_DIRECTIONS FOR THIS TASK_
Leave the pictures out, and transcribe the material below exactly from the line with "黑体字里,撇和捺要带有弧度,竖撇可以当作竖钩进行书写。" to the line with "Sommer Cocktail am", both lines included.

DATA UNDER STUDY START

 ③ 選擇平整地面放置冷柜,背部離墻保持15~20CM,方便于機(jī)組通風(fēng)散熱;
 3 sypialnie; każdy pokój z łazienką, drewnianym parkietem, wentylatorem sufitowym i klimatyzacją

DATA UNDER STUDY END
DATA UNDER STUDY START

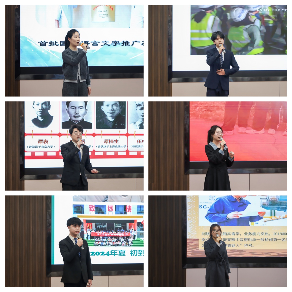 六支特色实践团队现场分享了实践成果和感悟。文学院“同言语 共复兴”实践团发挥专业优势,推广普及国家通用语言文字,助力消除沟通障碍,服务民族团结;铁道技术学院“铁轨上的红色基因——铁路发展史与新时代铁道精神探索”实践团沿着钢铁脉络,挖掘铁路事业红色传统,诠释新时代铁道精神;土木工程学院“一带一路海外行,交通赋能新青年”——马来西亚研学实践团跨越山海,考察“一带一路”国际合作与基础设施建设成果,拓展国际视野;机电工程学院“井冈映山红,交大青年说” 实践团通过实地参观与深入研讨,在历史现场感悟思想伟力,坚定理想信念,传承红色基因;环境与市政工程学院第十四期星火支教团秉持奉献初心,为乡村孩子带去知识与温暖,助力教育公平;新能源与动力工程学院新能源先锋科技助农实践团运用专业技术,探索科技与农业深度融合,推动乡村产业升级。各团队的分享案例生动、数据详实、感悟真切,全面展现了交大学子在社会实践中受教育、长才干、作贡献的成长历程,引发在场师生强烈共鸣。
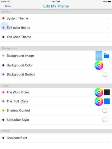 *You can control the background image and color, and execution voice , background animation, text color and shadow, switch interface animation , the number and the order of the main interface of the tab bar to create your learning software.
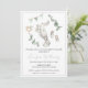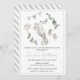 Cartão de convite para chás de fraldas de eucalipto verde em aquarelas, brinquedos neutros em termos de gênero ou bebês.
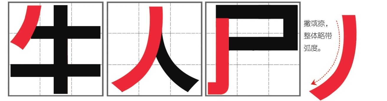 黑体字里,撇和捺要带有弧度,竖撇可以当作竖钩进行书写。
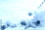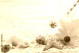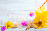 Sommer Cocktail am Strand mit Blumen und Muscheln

DATA UNDER STUDY END

_ANSWER BOX_
 黑体字里,撇和捺要带有弧度,竖撇可以当作竖钩进行书写。
 Sommer Cocktail am Strand mit Blumen und Muscheln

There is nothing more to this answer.